Adidas have concentrated on creating a greener supply chain, with a focus on reducing energy used and importantly water consumption- which has historically played a huge role in the fabric-dyeing process. This has been made possible through the reconfiguring of their production process with the implementation of ‘Drydye’ technology. Another project by Adidas is their collaboration with Parley, a non-profit organization to commit to creating shoes from 100% recycled polyester. This will be possible through a material called ‘primeblue’, which the two have collaborated on creating from plastics and polyesters recycled from the ocean. Another lifestyle-clothing stalwart is Nike, who have
focused on the introduction of recycled and reconstituted materials in their products. Most notably, 75% of the products produced by Nike partially contain some recycled material.

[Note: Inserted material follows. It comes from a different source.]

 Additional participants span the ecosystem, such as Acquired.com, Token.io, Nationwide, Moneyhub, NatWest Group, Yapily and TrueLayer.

This effort has culminated in the release of Nike’s ‘space hippie’ collection, which combines sustainability with radical design. The result is a fashionable sports lifestyle shoes made from between 85-90% recycled materials. Furthermore, Companies have focused on logistics to drive improvements. British supermarket Tesco have invested to improve rail systems to shift a portion of their distribution
network from road to the more environmentally friendly rail network. It’s clear that these firms see sustainability as an important issue in their profitability and future growth. While the companies mentioned above have begun to adopt sustainability as a core element of their businesses, there are several companies that have sustainability as a core constituent since their inception. Patagonia is a clothing company which puts the environment and sustainability above all else, whether it be through their ‘don’t buy this jacket’ campaign or use of 70% recycled materials across their range. Tesla have shifted their product focus to machines that build a future foundation for the firm, where the use of fossil fuels is eliminated through their groundbreaking technology.


None of Tesla’s vehicles have tailpipe emissions and the company have revolutionised how homes can be fueled through their intuitive solar roof technology. The potential for advancement through renewable energy and sustainability can be seen here, with the opportunity for solar energy to charge a customer’s car at home rather than having to stop at a petrol station. With every advancement in sustainable fields such as renewable energy for Tesla, even more innovation is demanded, and the likes of Tesla are delivering.

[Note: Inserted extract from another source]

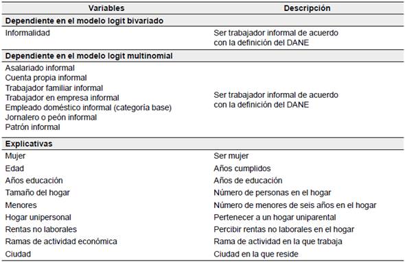 En Colombia la medición de la informalidad es realizada por el DANE, el cual define como trabajador informal a i) los empleados particulares y los obreros que trabajan en establecimientos, negocios o empresas que ocupen hasta cinco personas en todas sus agencias y sucursales, incluyendo al patrono y/o socio; ii) los trabajadores familiares sin remuneración; iii) los trabajadores sin remuneración en empresas o negocios de otros hogares; iv) los empleados domésticos; v) los jornaleros o peones; vi) los trabajadores por cuenta propia que laboran en establecimientos hasta cinco personas (excepto los independientes profesionales) y vii) los patrones o empleadores en empresas de cinco trabajadores o menos (DANE, 2009)1.

Another company taking an approach similar to Tesla’s, but within the fashion industry is the brand SAYE. SAYE is a start-up founded in Barcelona, which has incorporated sustainability across all its activities from the start. Their shoes are made from a host of ecological and recycled materials. The leather comes from European farms, which have been vetted as respecting environmental stewardship standards. The laces are produced from organic cotton, allowing them to easily integrate back into the cycles of the earth for future generations. The insoles are produced from PU foam, repurposed from the by-products of the European car industry. The company has also ensured all packaging is made entirely from recycled materials and promises to plant two trees for each pair of their shoes sold, with 90,000 trees planted to date. With their production facilities located in northern Portugal, the company guarantees fair wages and working hours, with worker friendly policies concerning overtime and conditions. With sustainability underpinning the ethos of the company, SAYE are in the best position to take advantage of the many opportunities and innovation stemming from this vital and growing sector.

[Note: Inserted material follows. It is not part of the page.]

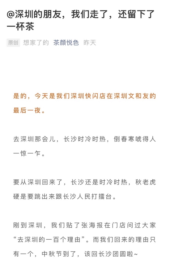 9月15日,网红奶茶品牌茶颜悦色在其微信公众号上正式官宣——告别深圳!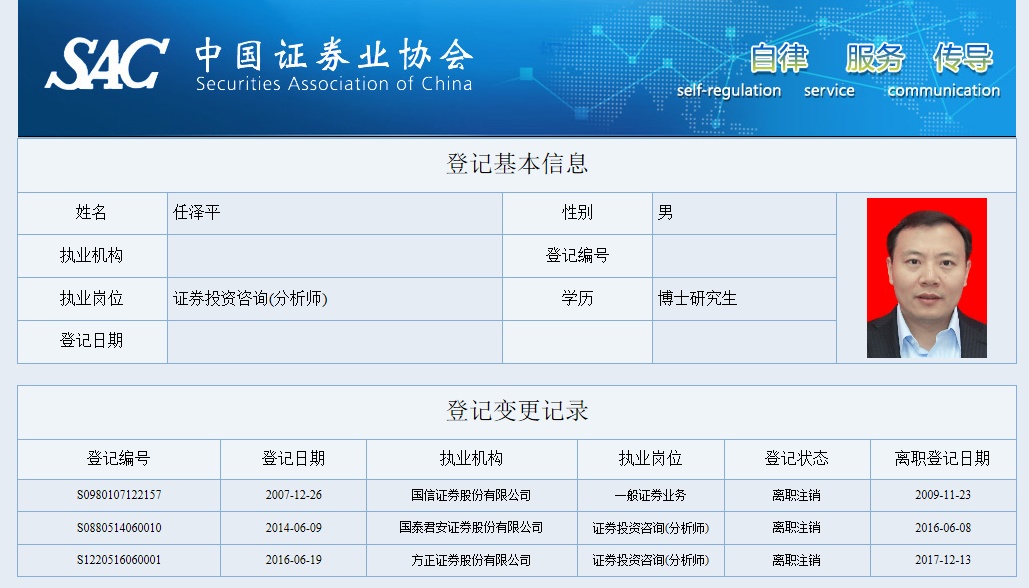 公开资料显示,2016年6月,前国泰君安(601211.SH)首席宏观分析师任泽平正式入职方正证券,任方正证券(601901.SH)首席经济学家及方正证券研究所董事总经理。 2017年11月,方正证券首席经济学家任泽平提出离职。 2017年12月,任泽平任恒大集团(03333)首席经济学家(副总裁级)兼恒大经济研究院院长。而在2021年3月份,任泽平离开恒大、加盟东吴证券并担任首席经济学家的消息被广泛报道。

The struggle between sustainability and profitability has long been a source of contention within business regarding its achievability. Too many companies have given lip service, but few up until now have made it a real purpose. Today’s world of Greta Thunberg and climate activism doesn’t see this issue as it once did and demands that real change be made. Patagonia, SAYE and Tesla have risen to the challenge. The idea of sustainability as business is clear from these companies making honest change, and the success of these businesses is reflective of that.